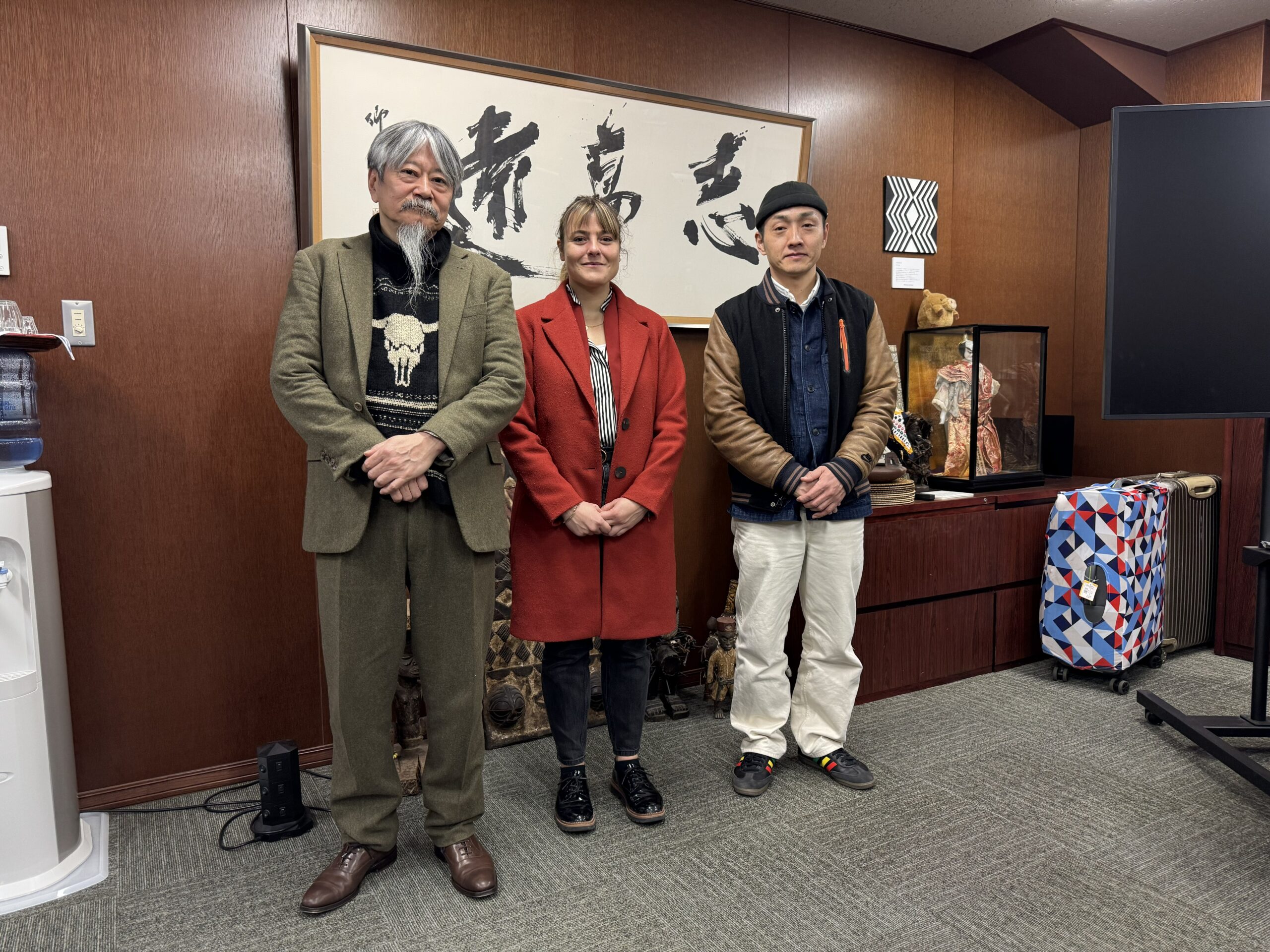 2026年1月28日、アフリカン・コンヴィヴィアリティ・センターの矢野原佑史さんに伴われて、Lucie Mizziさんが研究科長室を訪れました。Lucieさんは、フランスのポール・ヴァレリー・モンペリエ第3大学(Univeristé Paul Valéry Montpellier 3)で人類学を専攻しています。現在、大阪、兵庫のテキヤの家に住み込んでフィールドワークをしており、民博の共同研究で矢野原さんと出会ったようです。共通の研究者(テキヤの研究者)もおり、話が弾みました。成果が出たら、今度はセミナーなどをお願いしたいものです。
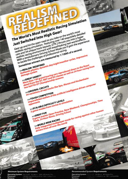 Made to appeal to a wider audience than just the hardcore racing sim fan, this sequel to 2005's indie hit features three difficulty settings and a "Driving School" mode with 45 lessons on braking, acceleration, overtaking, and cornering. After players finish school, they can choose drivers, teams, and circuits licensed from the 2003 and 2004 Federation International de l'Automobile GT Championship seasons, for a total of 34 tracks and 140 vehicle types. Besides "Driving School," GTR 2 includes modes such as "Open Practice," "Race Weekend," "Championships," "Time Trials," and "24 Hour Races." The game's multiplayer modes make room for 32 opponents from around the world, or just a friendly race between friends.
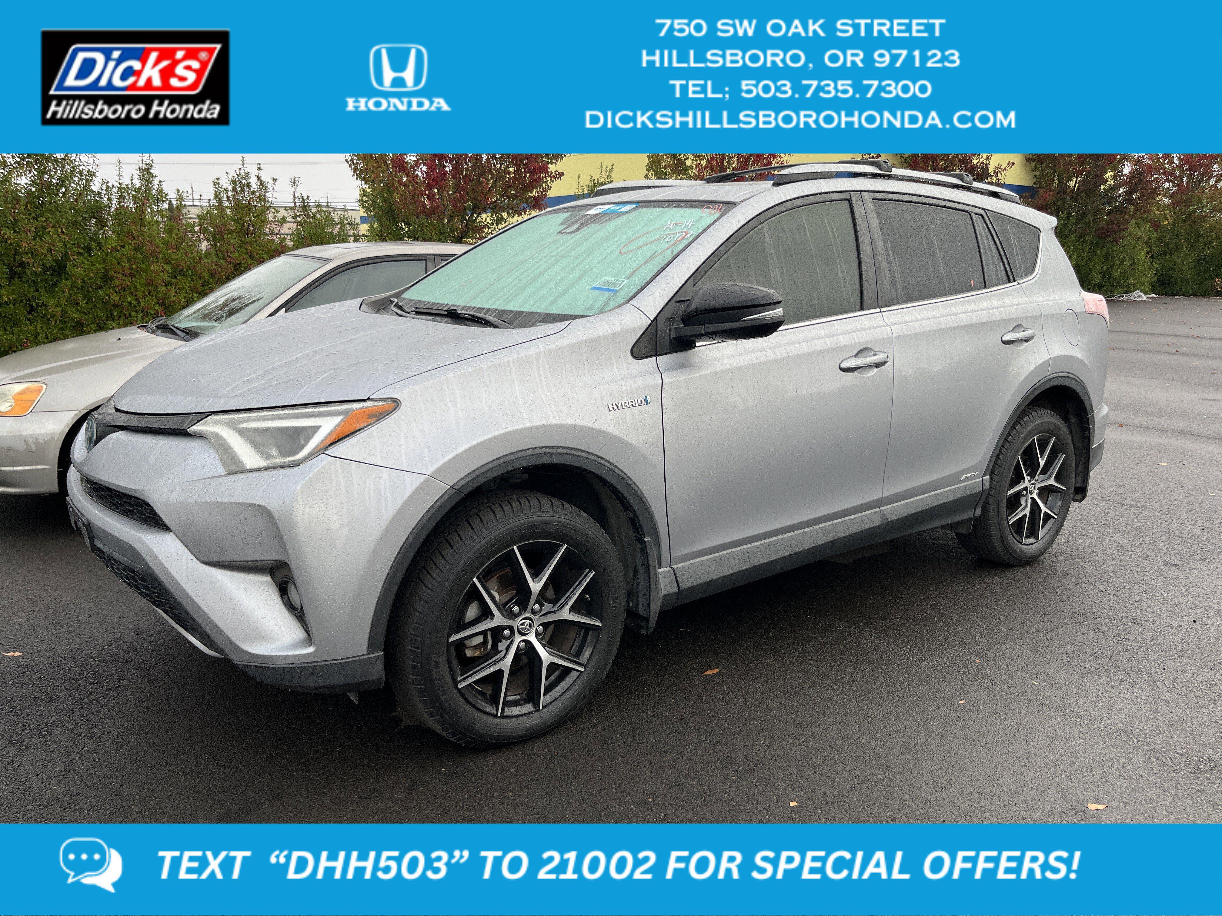 You won't find a nicer or better maintained RAV4 Hybrid on the market in this price range!! 2018 Toyota RAV4 Hybrid SE Silver Sky Metallic AWD CVT 2.5L 4-Cylinder1-OWNER!, CLEAN CARFAX: NO ACCIDENTS, LEATHER INTERIOR, GPS NAVIGATION, FULLY SERVICED/MAINTAINED, 2.5L 4-Cylinder, Radio: Premium JBL Audio w/Navigation, 4-Wheel Disc Brakes, 6 Speakers, ABS brakes, Air Conditioning, Alloy wheels, AM/FM radio: SiriusXM, Auto High-beam Headlights, Automatic temperature control, Axle Ratio: 3.542, Brake assist, Bumpers: body-color, CD player, Compass, Driver door bin, Driver vanity mirror, Dual front impact airbags, Dual front side impact airbags, Electronic Stability Control, Exterior Parking Camera Rear, Four wheel independent suspension, Front anti-roll bar, Front Bucket Seats, Front Center Armrest, Front dual zone A/C, Front fog lights, Front reading lights, Fully automatic headlights, Heated door mirrors, Heated front seats, Heated Front Sport Seats, Illuminated entry, Knee airbag, Leather Shift Knob, Leather steering wheel, Low tire pressure warning, Navigation System, Occupant sensing airbag, Outside temperature display, Overhead airbag, Overhead console, Panic alarm, Passenger door bin, Passenger vanity mirror, Power door mirrors, Power driver seat, Power Liftgate, Power moonroof, Power steering, Power windows, Radio data system, Radio: Entune Audio Plus AM/FM/MP3/WMA Playback, Rear anti-roll bar, Rear seat center armrest, Rear window defroster, Rear window wiper, Remote keyless entry, Roof rack: rails only, SofTex Synthetic Trim, Speed control, Speed-sensing steering, Split folding rear seat, Spoiler, Steering wheel mounted audio controls, Telescoping steering wheel, Tilt steering wheel, Traction control, Trip computer, Turn signal indicator mirrors, Variably intermittent wipers, Wheels: 18 Sport Aluminum Alloy, **APPLE CARPLAY/ ANDROID**, **AUTOMATIC HEADLIGHTS**, **BACKUP CAMERA**, **BLINDSPOT MONITOR**, **BLUETOOTH**, **KEYLESS ACCESS W/ PUSHBUTTON START**, **LANE KEEPING ASSIST**, **NAVIGATION**, **TOUCHSCREEN CONTROLS**, 2.5L 4-Cylinder, Radio: Premium JBL Audio w/Navigation.Recent Arrival!34/30 City/Highway MPGCome to www.dickshillsborohonda.com To See Our Specials!! Call us at (503) 735-7310 For help with any of our departments!! We gave it a full lube-oil-filter service, pressure tested the coolant/antifreeze system for leaks & protection, checked the brakes & tires, checked all parts/systems for excessive wear & tear, topped off needed fluids, detailed the vehicle and gave it a thorough diagnostic/frame/safey inspection!Awards:* 2018 KBB.com 10 Best SUVs Under $25,000 * 2018 KBB.com 10 Most Awarded Brands * 2018 KBB.com Best Resale Value Awards
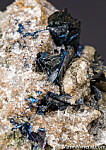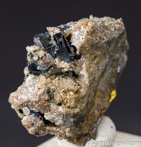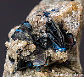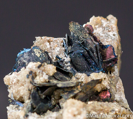 Irridescent blades of Covellite crystals in a few different areas on matrix. Ex. Chuck Trantham collection.
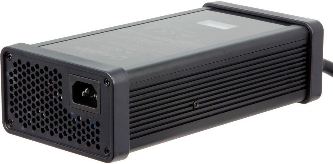 Ładowarka do akumulatorów Li-ION 4SL 14,8V 30A 600W GDPT G600-168030 (obudowa aluminiowa) z wyświetlaczem LCD G600 to ładowarka dużej mocy (600W max.) do pakietów akumulatorów (4SL) wykonanych w technologii Li-ION. Jest to inteligentna ładowarka sterowana mikroprocesorem MCU z 4-stopniową kontrolą ładowania, dla ochrony akumulatorów przed przeładowaniem. Posiada zdefiniowane automatyczne fazy ładowania CC-CV. Ładowarka odpowiednia jest do ładowania akumulatorów z 4 ogniw połączonych w szereg, czyli pakietów litowo-jonowych o zakresie napięciowym 10V(min) - 16,8V(max). Ładowarka może być podłączona bezpośrednio do gniazda AC 100V - 240V na całym świecie, za pomocą przewodu zasilającego. Urządzenie charakteryzuje się wysoką wydajnością, długą żywotnością i niezawodnością. Obudowa z aluminium, lepiej odprowadza ciepło a wbudowany wentylator obniża temperaturę. Na obudowie ładowarki zamontowano czytelny wyświetlacz LCD. Odpowiada on za wskazanie aktualnego napięcia i prądu dostarczanego przez ładowarkę, czasu ładowania i pojemności akumulatora. Urządzenie wykorzystuje algorytm Coulomba do dokładnego obliczania pojemności akumulatora. Wbudowany algorytm, może dokładnie przewidzieć poziom naładowania akumulatora (SoC). Urządzenie posiada automatyczne ograniczenie prądowe oraz temperaturowe i limit czasu ładowania, co wpływa na bezpieczeństwo użytkowania. Wbudowany port USB-mini umożliwia podłączenie do komputera i komunikację z urządzeniami zewnętrznymi poprzez magistralę CAN lub standard RS485. Mikroprocesorowa kontrola pracy ładowarki Aluminiowa obudowa (lepiej odprowadza ciepło) Wbudowany wentylator do aktywnego chłodzenia Doskonała ochrona: odwrotnej polaryzacji (wyjście), niskiego napięcia zasilania, pojemności i czasu pracy Wbudowana aktywna funkcja PFC (Power Factor Correction) – korekcja współczynnika mocy Kontrola SoC (Security Operations Center) - poziom naładowania akumulatora Wykorzystuje algorytm Coulomba do pomiaru pojemności akumulatora Zabezpieczenie przed zwarciem, przepięciem, nadmierną temperaturą Wbudowana 4-stopniowa kontrola ładowania dla akumulatorów litowych (wstępne ładowanie-CC-CV) Czytelny wyświetlacz LCD pokazujący aktualnie dane Sprawność konwersji energii do 94% Wbudowany port USB-mini umożliwia podłączenie do komputera Dane techniczne Model: G600-168030 Napięcie wejściowe: 100-240V AC 50/60Hz 6,8A Napięcie wyjściowe: 14,8V (dla 4 ogniw w szeregu) Zakresy napięciowe: 10,0V - 16,8V Technologia ładowanych ogniw: litowo-jonowe (Li-ION) Obsługiwana pojemności pakietu: 60 ~ 200Ah (4 ogniwa litowo-jonowe) Prąd wyjściowy: 30A ±10% Prąd odcięcia: ≤3A ±20% Moc znamionowa: 600W Efektywność: 90% Całkowicie automatyczne fazy ładowania: CC,CV Temperatura pracy: -10°C ~ 40°C Temperatura przechowywania: -40°C ~ 70°C Wbudowany bezpiecznik: 15A/ 250V Obudowa: tworzywo sztuczne Wymiary: 240 x 115 x 65mm Waga brutto: 2061g Dokumentacja techniczna EN Certyfikat bezpieczeństwa CB/IEC Certyfikat zgodności CE z dyrektywą Niskonapięciową LVD
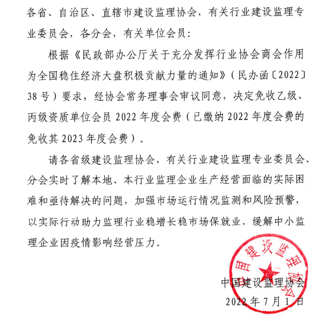 星空网页版星空网页版免收乙级、丙级资质单位会员2022年度会费的通知
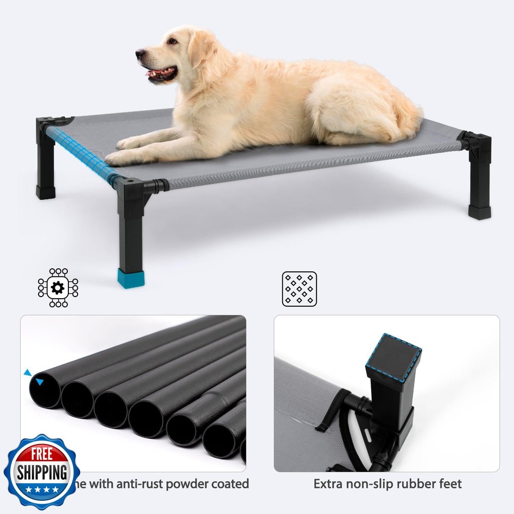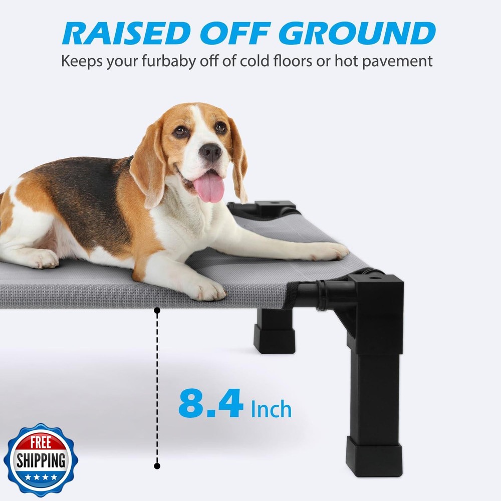 Cooling Elevated Dog Bed with Mesh and Metal Frame, Portable Dog Cot for Outdoor and Indoor Use Features Stay Cool and Dry: The dog bed elevates pets more than 8.4 inches off the ground, which allows air to circulate underneath and provides a cooling environment for your pets. Raised dog cot is great for keeping your pet warm in the cooler months and cooler in the warmer months both indoors and outdoors. Premium Fabric Materials: The Textilene dog bed mat allows air to flow, is sturdy and breathable. Pet hair, dirt, grime won't stick to the tight mesh, just hose off with water and allow to dry. You can also wipe it clean with a wet towel. Sturdy Steel Construction: Powder-coated steel frame is rust-resistant and built to withstand harsh outdoor conditions, it can support the weight of your large-sized dog. Designed for quick removal and installation, make the bed portable and perfect for indoor, outdoor, picnic, camping, training. Enlarged Rubber Feet Pads: The non-slip rubber feet protect floors from scratches and keep the pet bed from sliding when your dog jumps on or off. The non-slip feet provide extra stability during movement, making this ultra-comfortable bed ideal for use on a variety of surfaces. Easy to Install: The cooling dog cot can be installed without the use of any tools, screws and can be installed directly with the plastic connector. It only takes a few minutes of your time, and presto! It's up and ready for your pet to enjoy in. Shipping Free & Fast Shipping: We offer free shipping to most of the USA with a normal delivery time of 3-7 days. However, due to the current situation, additional delivery time (up to 3 weeks) may be required for some items. Alternative Carriers: We may use alternative carriers (e.g., USPS, FedEx, UPS) to ensure your package arrives safely and on time. Due to the use of multiple carriers, we are unable to provide a tracking number automatically. Handling Time: Orders are processed and shipped within 1-2 business days of receiving cleared payment. Shipping Restrictions: Shipping to Alaska, Hawaii, Puerto Rico, Guam, and other US territories may incur shipping charges or delivery restrictions. Please contact us before ordering, or your order can be refunded/cancelled. State Restrictions: Certain items may not be shipped to California due to state regulations. Contact for Tracking Updates: If you require tracking updates or have any concerns about the delivery of your order, please feel free to contact us, and we will be happy to assist you. Return Policy 30-Day Hassle-Free Returns: If you are not completely satisfied with your purchase, you can return the item for free within 30 days of receiving it for a full refund or exchange. Easy Return Process: Contact us, and we will provide you with a prepaid return shipping label and detailed instructions. No Restocking Fee: There are no restocking fees for returns. However, the buyer is responsible for return shipping costs if the return is not due to a seller"s error. Refund Processing: Refunds will be processed within 1 business day of receiving the returned item in its original condition. Feedback Your feedback is extremely important to us. We strive to provide the best products and customer service possible. If you are satisfied with your purchase, please take a moment to leave us a positive review. If you have any concerns or issues with your order, please contact us before leaving negative feedback. We are committed to resolving any problems and ensuring your satisfaction. Contact Us If you have any questions or concerns, please feel free to reach out to our customer support team. You can contact us through the eBay messaging system. We are available Monday to Friday, 9:00 am to 5:00 pm EST, and we will do our best to respond to your inquiry within 24 hours. Thank you for supporting our small family business!
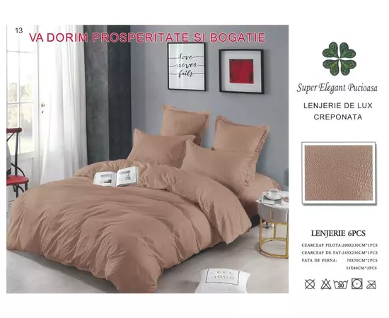 Material creponat, plăcut la atingere, nu aluneca de pe pat, nu se sifoneaza, nu intră la apă şi nu se decolorează.
════════
Exercise description: Repeat only the lines between the top of the entries above and the line containing "Made to appeal", both ends included, without the pictures.

Your solution:
 2026年1月28日、アフリカン・コンヴィヴィアリティ・センターの矢野原佑史さんに伴われて、Lucie Mizziさんが研究科長室を訪れました。Lucieさんは、フランスのポール・ヴァレリー・モンペリエ第3大学(Univeristé Paul Valéry Montpellier 3)で人類学を専攻しています。現在、大阪、兵庫のテキヤの家に住み込んでフィールドワークをしており、民博の共同研究で矢野原さんと出会ったようです。共通の研究者(テキヤの研究者)もおり、話が弾みました。成果が出たら、今度はセミナーなどをお願いしたいものです。
 Made to appeal to a wider audience than just the hardcore racing sim fan, this sequel to 2005's indie hit features three difficulty settings and a "Driving School" mode with 45 lessons on braking, acceleration, overtaking, and cornering. After players finish school, they can choose drivers, teams, and circuits licensed from the 2003 and 2004 Federation International de l'Automobile GT Championship seasons, for a total of 34 tracks and 140 vehicle types. Besides "Driving School," GTR 2 includes modes such as "Open Practice," "Race Weekend," "Championships," "Time Trials," and "24 Hour Races." The game's multiplayer modes make room for 32 opponents from around the world, or just a friendly race between friends.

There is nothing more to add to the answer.